These interpretations can be persuasive for understanding the crisis, but we should also view the problem from a different perspective: that is, why could Eden carry out his plan despite the fact that some of his ministers and the Foreign Office opposed to Eden's belligerent attitude. One of the keys to reconsider the crisis is to examine senior government bureaucrat in the Whitehall who personally supported Eden's foreign and military policy, but it has been difficult to follow these senior staffs' influence on the crisis. When Anthony Nutting, ex-Minister of State for Foreign Affairs published his book, No End of a Lesson in 1967 (which is still one of the basic works for Suez watchers), the British Government censored the book and eliminated most secret matters, including names of senior bureaucrat alleged to have an involvement with the crisis decision-making. However the British National Archives opened record of the censor and we come to know their roles, especially Ivone Kirkpatrick, Permanent Under-Secretary of State for Foreign Affairs, and Patrick Dean, Chairman of the Joint Intelligence Committee and Kirkpatrick's subordinate at the Foreign Office.

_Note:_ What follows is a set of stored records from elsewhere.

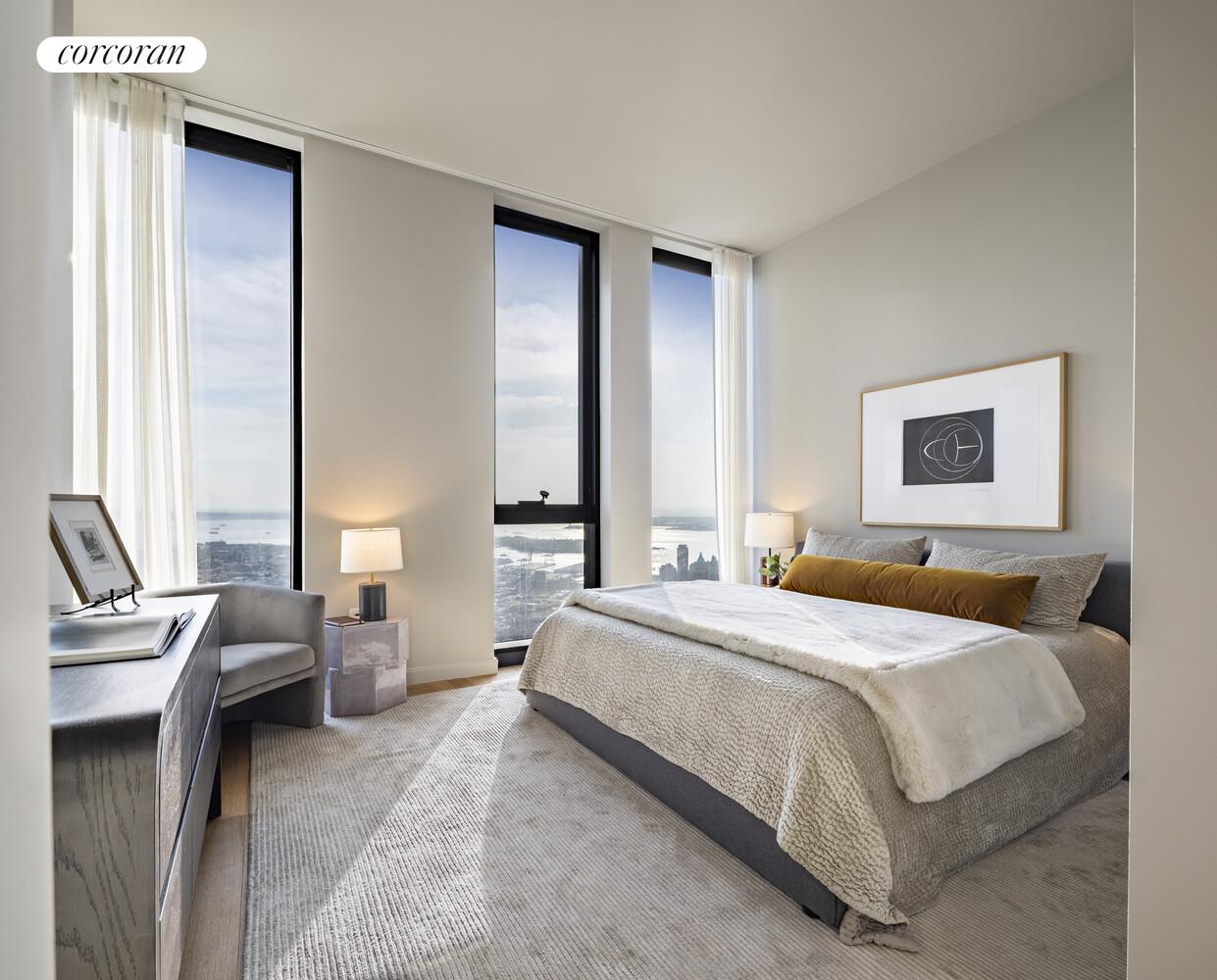 Designed by award-winning SHoP Architects, residence 58E is a generously proportioned 810 SF south-facing one bedroom, one bathroom home with ceiling heights up to 11 feet. Expansive floor to ceiling windows let in an abundance of natural light, framing sweeping views over Brooklyn, all the way to the Atlantic Ocean.
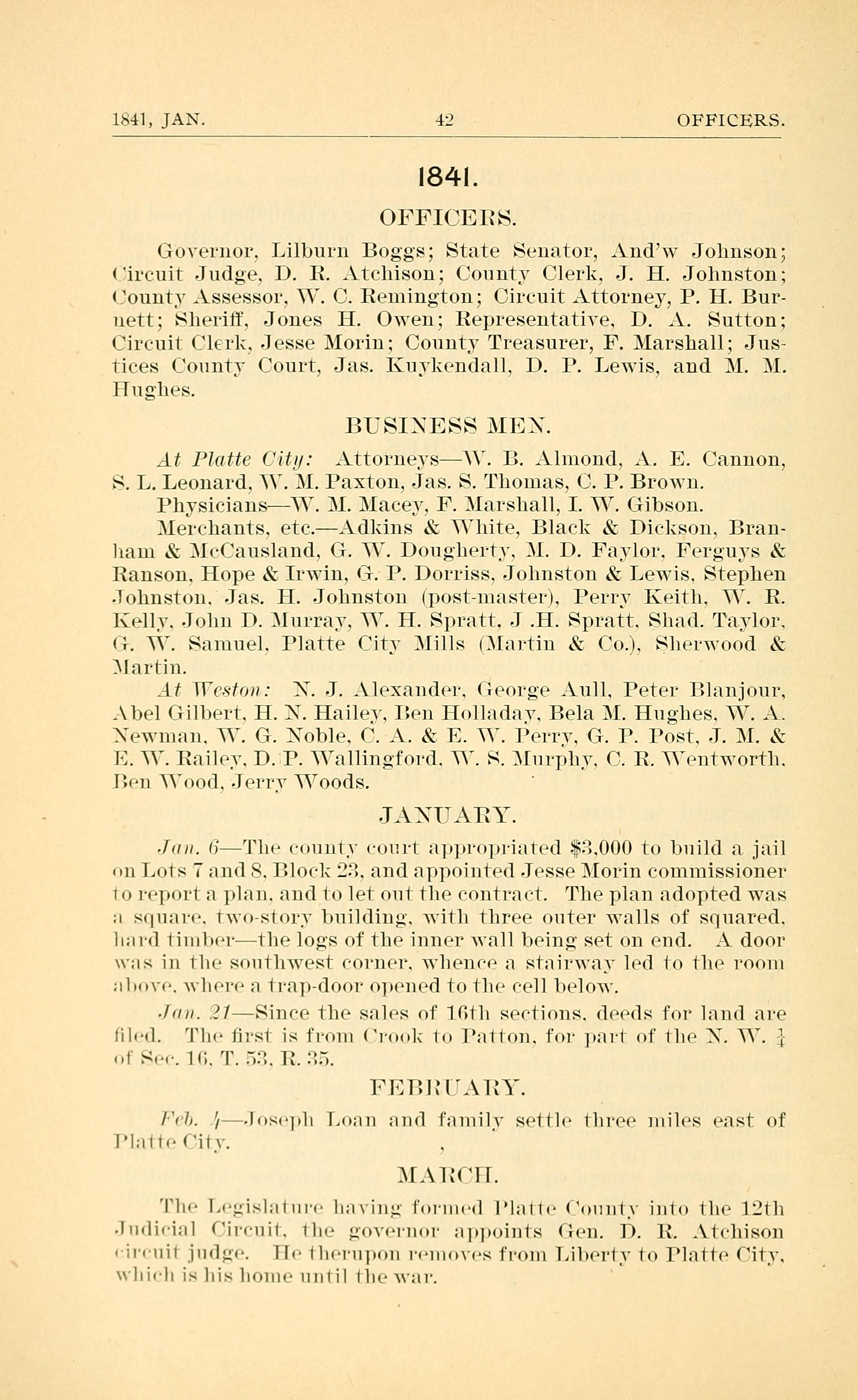 The Legislature having formed Platte County into the 12th Judicial Circuit, the governor appoints Gen. D. R. Atchison circuit judge. He therupon removes from Liberty to Platte City, which is his home until the war.
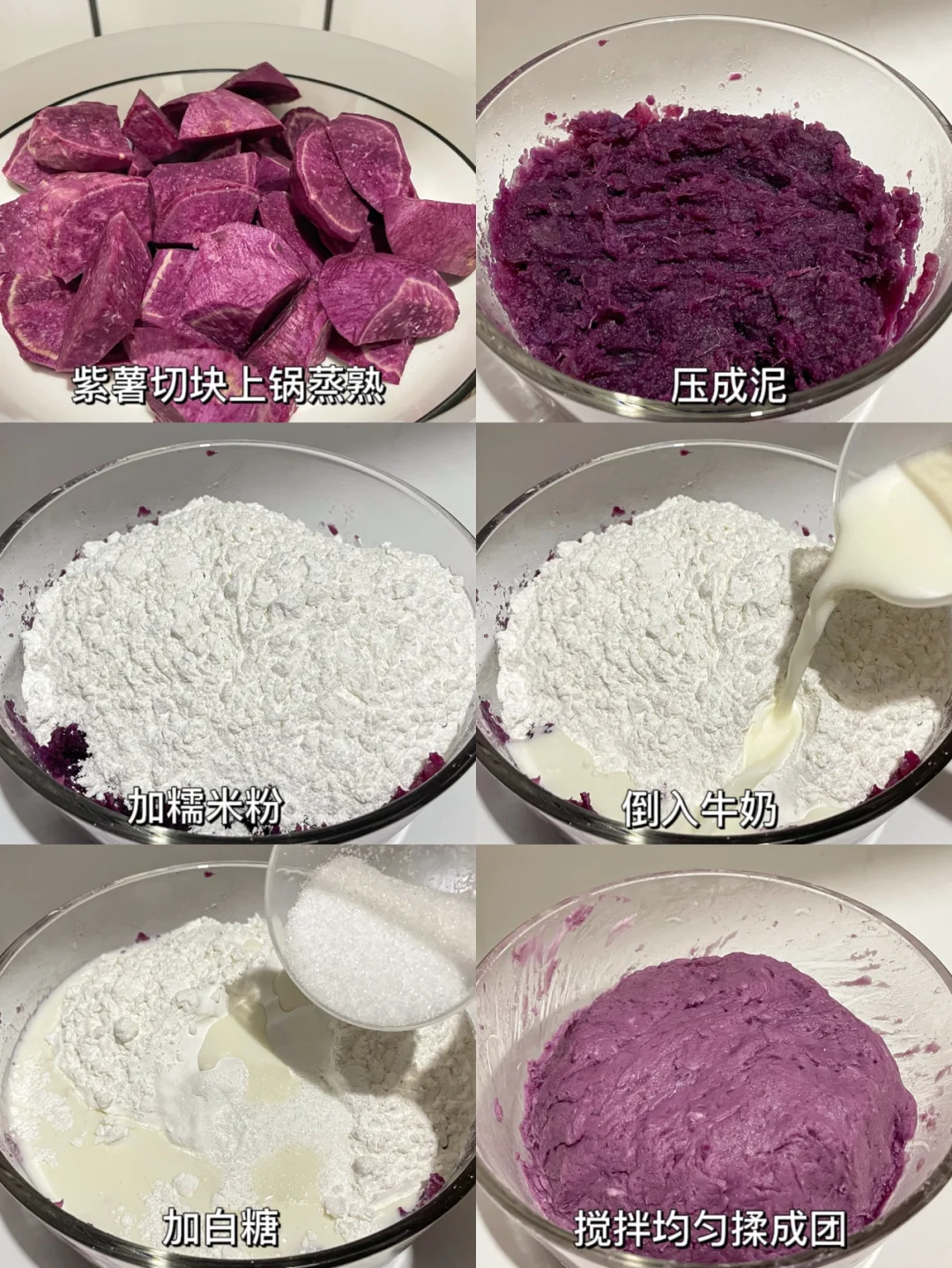 1⃣️紫薯切块上锅蒸熟压成泥,倒入糯米粉+牛奶+白糖,搅拌均匀揉成面团。
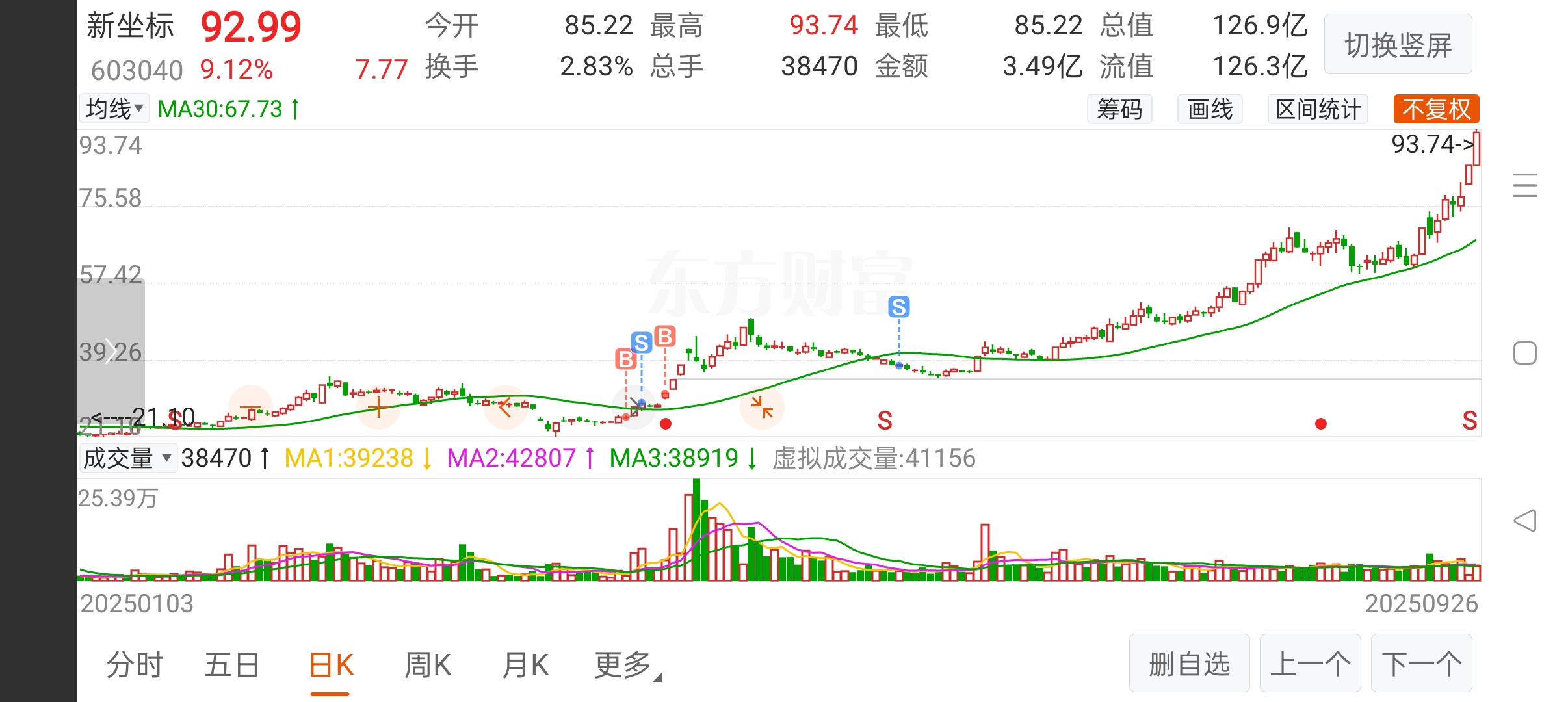 $新坐标(SH603040)$ 完美踏空

Recent studies such as Whitehall and the Suez Crisis (2000) and Reassessing Suez 1956 (2008) reveal the role of the senior officials during the crisis. This essay also focuses on the influence of the Permanent Under-Secretary's Department (PUSD) on the crisis decision making, which Kirkpatrick and Dean were involved in. Documents released at the National Archives, Kew, oral history records of the Liddell Hart Center for Military Archives, King's College London and private papers of the Bodleian Library, University of Oxford would give us a chance to reconsider the crisis.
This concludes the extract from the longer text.